Spent fuel from first-generation graphite-gas reactors was the first to be processed, yielding vitrified waste stored in Marcoule. All the waste produced by this obsolete nuclear process must be managed.
Irradiated fuel produced by propulsion reactors in aircraft carriers and nuclear submarines, as well as fuel from the old heavy water plant in Brennilis, has not been reprocessed. It is held in interim dry storage in a bunker at the Cadarache site. The CASCAD bunker was commissioned in June 1990, with a design life of 50 years, making it a medium-term storage facility.
Graphite waste interim storage silo
“Graphite waste” from the okd French natural uranium graphite gas reactors (Uranium Naturel Graphite Gaz – UNGG) is stored in two silos. Silo 130, shown in the photo, is an underground bunker consisting of two 3,000 m3 ventilated cells, only one of which contains waste (approximately 1300 m3, introduced between 1973 and 1990). Silo 115 is a parallelepipedic silo consisting of three ventilated 400 m3 plain steel chambers containing older waste (produced between 1966 and 1974).
© AREVA/ANDRA ©
The 115 tonnes of irradiated fuel from Superphenix, of which the French share accounts for 75 tonnes, were placed in a cooling pool in a workshop at the Creys Malville facility, which EDF is licensed to operate for 30 years. The fate of this fuel is being considered in parallel to that of the irradiated MOX fuel assemblies currently stored underwater in La Hague.
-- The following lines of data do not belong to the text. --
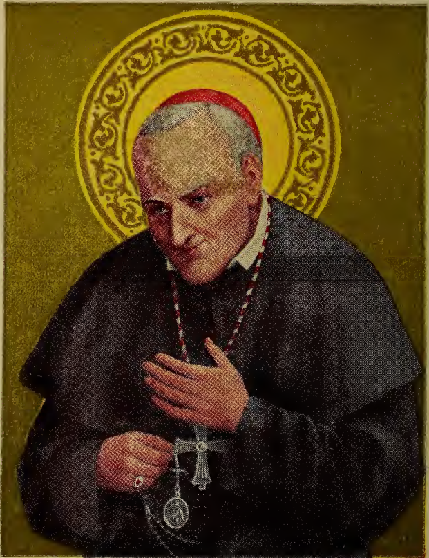
ST. ALPHONSUS MARIA DE LIGUORI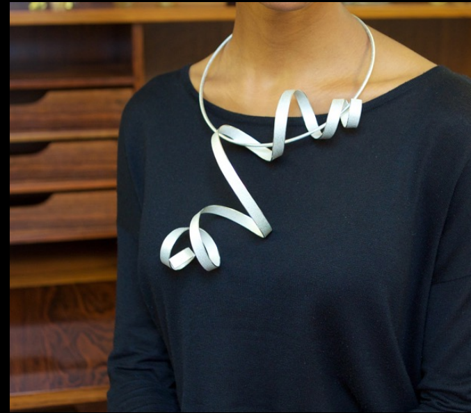
Calligraphy 2, 2019 - sculptural pendant, initialled & hallmarked, 100% recycled sterling silver, 22 x 9.5 x 5.5 cm, individually sculpted, unique within a series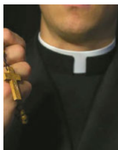
Sun - Priesthood Sunday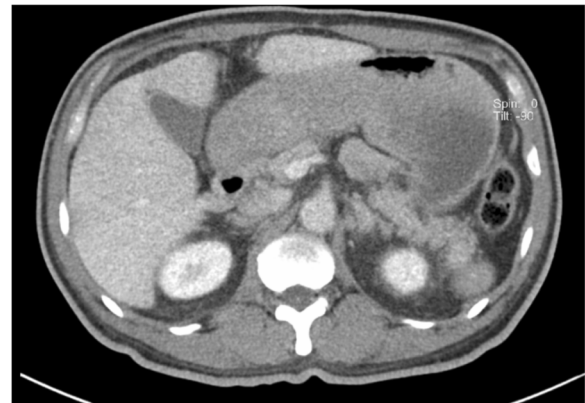
Fig. 2 Abdominal computed tomography showing distended stomach with large amounts of gastric content in spite of 4 hours of fasting prior to the scan

significant residual gastric barium at 20 hours (Fig. 3). Our patient was started on the pro-kinetic agent domperidone with little improvement in symptoms.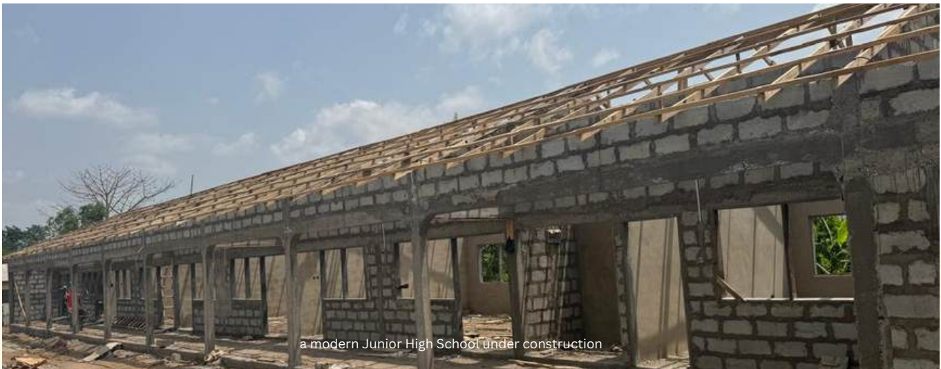
a modern Junior High School under construction

Construction of a modern Junior High School for the Panpanso Krokese Community is well underway, with the project now at the roofing stage and set for completion by May 2025. Approved by the Foundation Board last year, the facility will feature three classrooms, an ICT center, a staff common room, washrooms, and a mechanized water system to support academic activities. The project has already sparked increased enrollment and enthusiasm within the community, reinforcing a commitment to education and development. Once completed, it will provide vital learning opportunities and stand as a testament to collaboration and progress.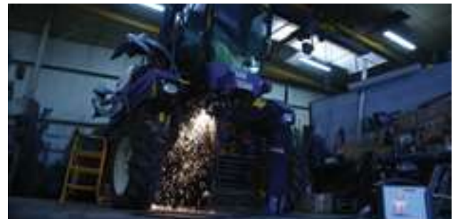
Agricultural and farm equipment maintenance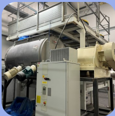
1,660L S/S Jktd Kek Plough Shear Mixer Stock Ref; ND-13927-10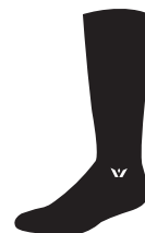
TWELVE knee high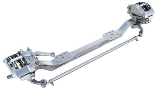
Meritor MFS+ Front Steer Axle with Disc Brakes

The new design also reduces space constraints for easier access by technicians. The MFS+ is designed for mounting each brake at “12-o'clock” for easy removal. Overall the MFS+ with integrated torque plates and tie rod arms may reduce weight by up to 85 lbs. – depending on brake and axle configuration – resulting in increased payloads.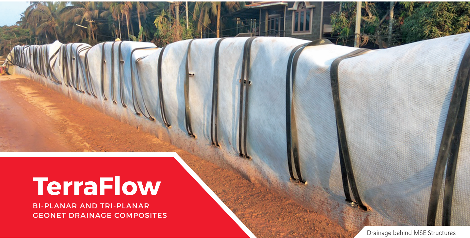
Drainage behind MSE Structures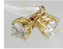
Lot # 551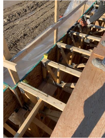
Subfloor Adhesive Applied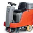
Scrubmaster B75 R up to 3 500 m 2 /h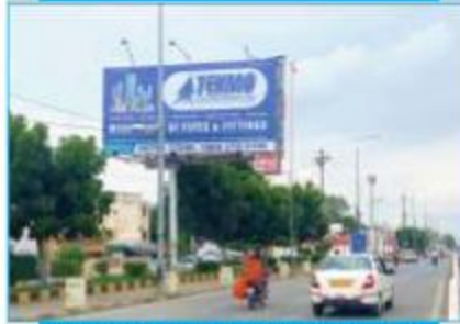
HOARDING BRANDING IN INDORE - BHOPAL - PUNE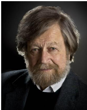
Choral Music at UCI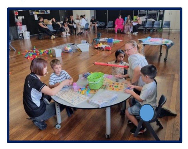
Our new students explore some activities at the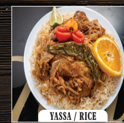
YASSA / RICE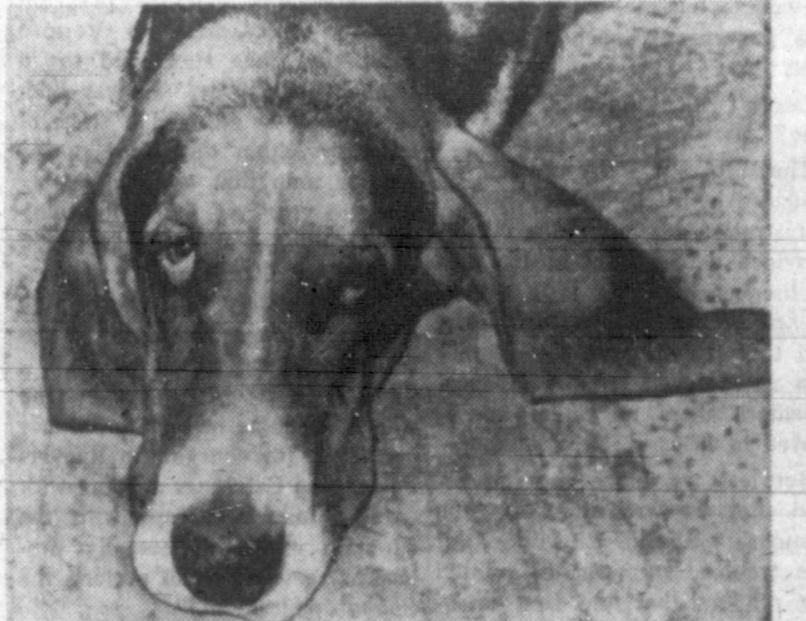
PORTRAIT OF J. WELLINGTON, ESQUIRE —"J. Wellington, Esquire," a dog of passionate interests, displays classic indifference to the camera as he has his picture taken.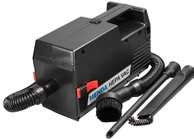
Figure 1: ESD SAFE HEPA Vacuum and Included Accessories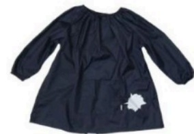
Artsmock with Print Unbadged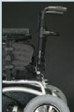
Adjustable backrest as standard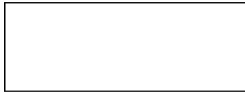
(Affix Corporate Seal, as applicable)

_____ Company Name (Name printed or typed)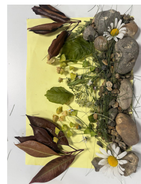
Art drop-in, 2025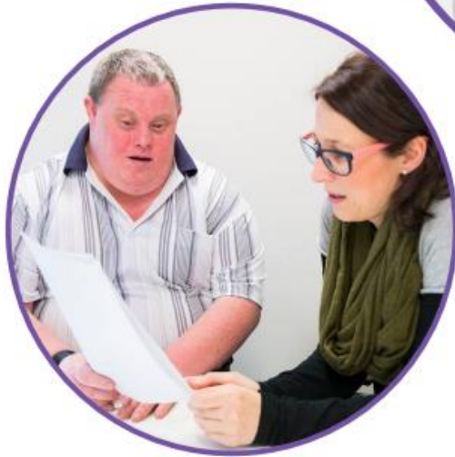
People who support me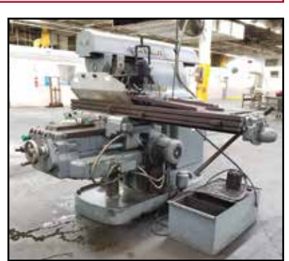
CINCINNATI 415-15 DT Horizontal Mill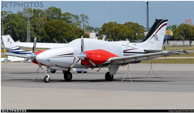
Beech Baron 58, G58 Canopy Cover, Insulated Engine Covers

Covers developed this material combination especially for aircraft protection. The outer material is medium weight and treated for water resistance, UV resistance and anti-static buildup. The inner lining is a very soft and smooth microfiber to prevent scratching. The material is very reflective, and tests show that the cabin interior temperature can be reduced to near-ambient temperature on the hottest of days. It is water, ice and snow repellent, yet breathable to allow moisture to escape from between the cover and the aircraft surface.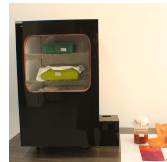
Start adding your bacteria cellulose solution & Glass Jar

The long-term future of these high-level materials – in terms of reprocessing, transmutation and geological disposal – is also the subject of research conducted in the light of legislation passed in 1991 and 2006.
Next on the radioactivity scale comes intermediate-level waste (ILW-LL), which under the terms of the aforementioned legislation, is destined for geological disposal. The conditioning adopted for this waste has also evolved to reflect advances in reprocessing techniques. A variety of interim storage arrangements exist accordingly.
The technique consisting in shearing spent fuel cladding and end caps into small pieces in order to compact them is recent. The share of end caps and hulls not sheared and conditions is still in underwater storage in La Hague, whereas conditioned waste (CSD-C) is stored in a compacted container storage building (Entrepôt de Colis Compactés – ECC). Until 1995, these sections were conditioned in drums filled with cement and then stacked. Liquid effluent treatment stations also produce waste that is considered to be ILW-LL and as such must be stored in Marcoule and La Hague.
Multipurpose intermediate storage building (EIP) in Marcoule
The reprocessing techniques currently used in La Hague were originally developed at a facility in Marcoule. Vitrified waste produced are stored here pending disposal. A multipurpose intermediate storage building (EIP) was built for other types of waste, including long-lived intermediate-level waste (ILW-LL). The purpose of the EIP building, which began operating in 2000, is to relocate and centralise miscellaneous interim storage facilities over the period 2003-2020, during which site cleanup operations will be conducted in Marcoule.
© AREVA ©
Lastly, various interim storage arrangements for low-level long-lived waste (LLW-LL) have been adopted while research is conducted to determine its final destination. This is the case, for example, of legacy graphite waste from natural uranium-graphite-gas (UNGG) reactors, which were shut down several years ago and are in the process of being dismantled. Most of these graphite liners are being held in interim storage in La Hague.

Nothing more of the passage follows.